►

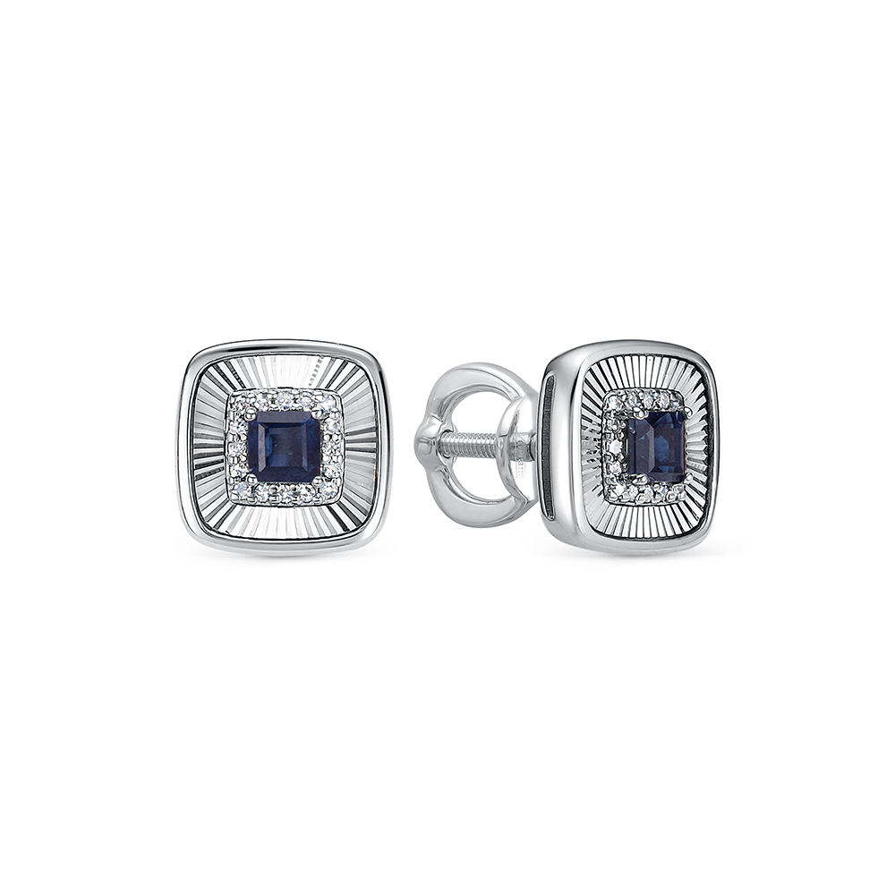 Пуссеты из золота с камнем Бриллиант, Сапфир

◄
►

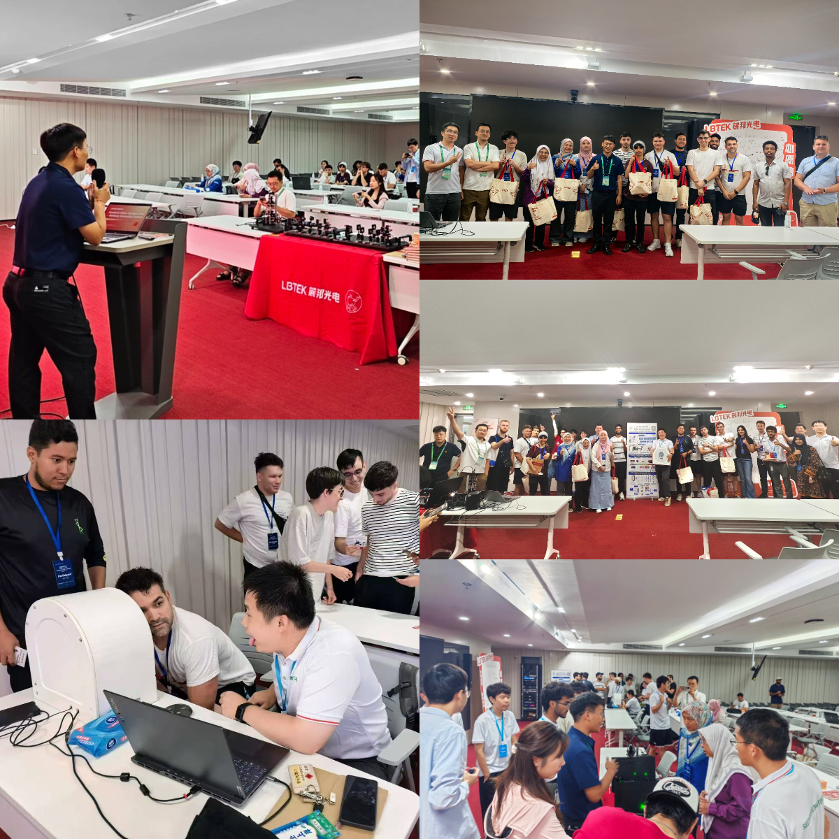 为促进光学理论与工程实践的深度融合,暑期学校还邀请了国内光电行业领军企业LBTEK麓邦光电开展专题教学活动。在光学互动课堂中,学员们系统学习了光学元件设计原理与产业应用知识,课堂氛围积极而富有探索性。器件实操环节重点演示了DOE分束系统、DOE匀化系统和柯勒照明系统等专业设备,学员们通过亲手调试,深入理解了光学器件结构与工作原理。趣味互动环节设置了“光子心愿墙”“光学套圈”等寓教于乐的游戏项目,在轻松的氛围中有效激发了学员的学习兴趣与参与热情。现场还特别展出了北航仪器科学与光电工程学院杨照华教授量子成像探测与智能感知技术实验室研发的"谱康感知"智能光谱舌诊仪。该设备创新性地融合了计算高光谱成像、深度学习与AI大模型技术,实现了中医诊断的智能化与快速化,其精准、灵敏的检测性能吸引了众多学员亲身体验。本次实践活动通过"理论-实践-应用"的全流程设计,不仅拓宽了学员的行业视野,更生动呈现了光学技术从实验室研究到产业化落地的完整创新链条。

◄
►

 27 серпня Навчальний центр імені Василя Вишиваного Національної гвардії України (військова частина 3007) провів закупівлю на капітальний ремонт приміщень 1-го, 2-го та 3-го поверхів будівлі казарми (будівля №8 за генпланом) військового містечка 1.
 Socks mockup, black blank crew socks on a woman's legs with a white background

◄

The response must hold only the lines above from the line with "27 серпня Навчальний" through the line with "Socks mockup, black", each copied exactly, both ends kept.

TASK RESULT:
 27 серпня Навчальний центр імені Василя Вишиваного Національної гвардії України (військова частина 3007) провів закупівлю на капітальний ремонт приміщень 1-го, 2-го та 3-го поверхів будівлі казарми (будівля №8 за генпланом) військового містечка 1.
 Socks mockup, black blank crew socks on a woman's legs with a white background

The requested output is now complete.